Given records =>
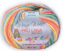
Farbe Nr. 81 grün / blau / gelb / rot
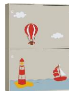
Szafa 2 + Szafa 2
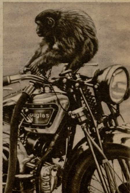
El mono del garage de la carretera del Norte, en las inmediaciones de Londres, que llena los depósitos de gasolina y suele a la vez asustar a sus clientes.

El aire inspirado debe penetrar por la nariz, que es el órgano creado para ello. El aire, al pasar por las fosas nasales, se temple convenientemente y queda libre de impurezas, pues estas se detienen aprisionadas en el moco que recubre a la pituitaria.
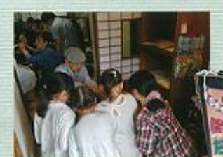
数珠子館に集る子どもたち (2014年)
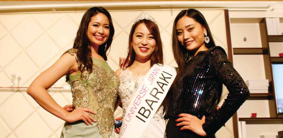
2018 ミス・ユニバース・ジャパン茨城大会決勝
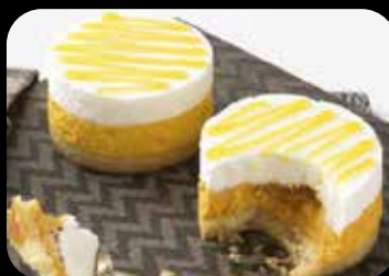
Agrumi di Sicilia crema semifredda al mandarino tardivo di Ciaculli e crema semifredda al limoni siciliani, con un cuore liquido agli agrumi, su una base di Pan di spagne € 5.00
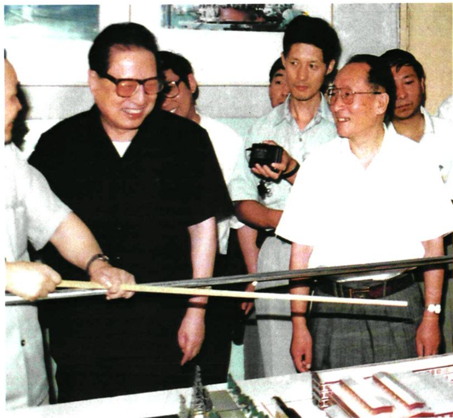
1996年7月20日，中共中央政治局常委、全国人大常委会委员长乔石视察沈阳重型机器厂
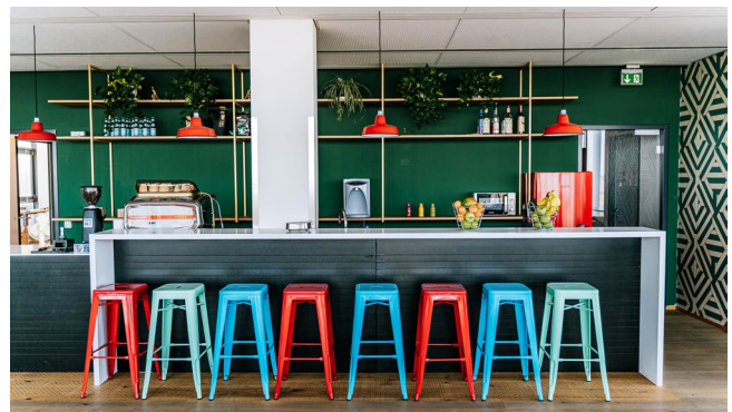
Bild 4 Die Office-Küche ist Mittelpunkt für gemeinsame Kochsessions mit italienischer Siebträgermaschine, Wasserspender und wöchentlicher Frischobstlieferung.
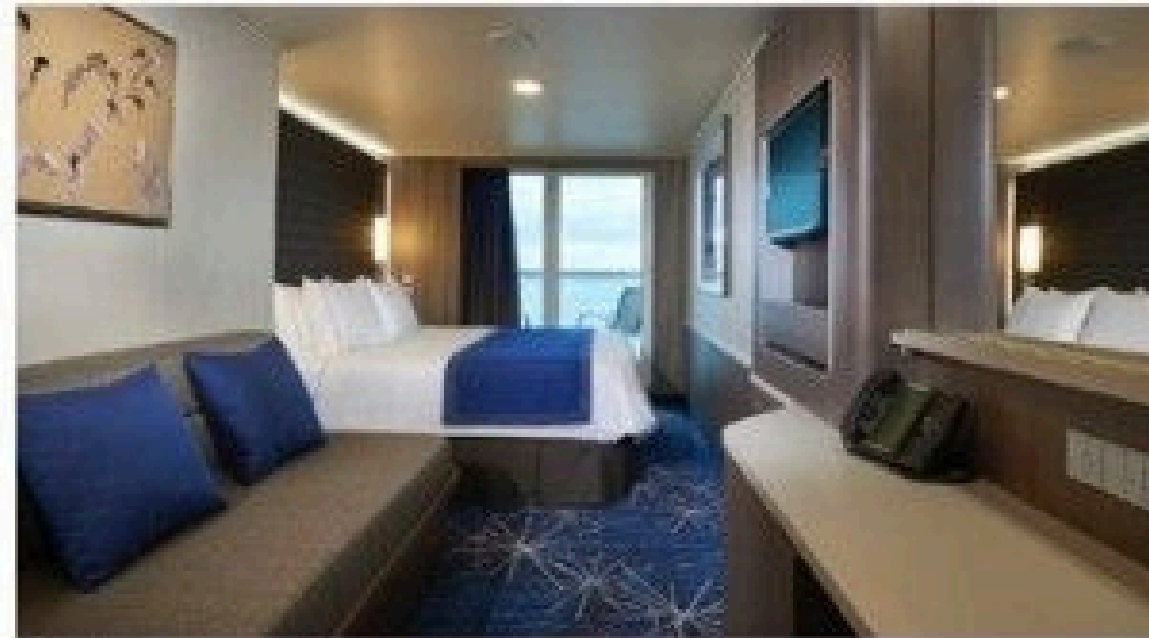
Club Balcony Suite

Your instructions =>
The line with "Agrumi di Sicilia" marks the start, and the last line of the material marks the end. Reproduce exactly those two lines and every line between them, without the pictures.

Written solution =>
Agrumi di Sicilia crema semifredda al mandarino tardivo di Ciaculli e crema semifredda al limoni siciliani, con un cuore liquido agli agrumi, su una base di Pan di spagne € 5.00
1996年7月20日，中共中央政治局常委、全国人大常委会委员长乔石视察沈阳重型机器厂
Bild 4 Die Office-Küche ist Mittelpunkt für gemeinsame Kochsessions mit italienischer Siebträgermaschine, Wasserspender und wöchentlicher Frischobstlieferung.
Club Balcony Suite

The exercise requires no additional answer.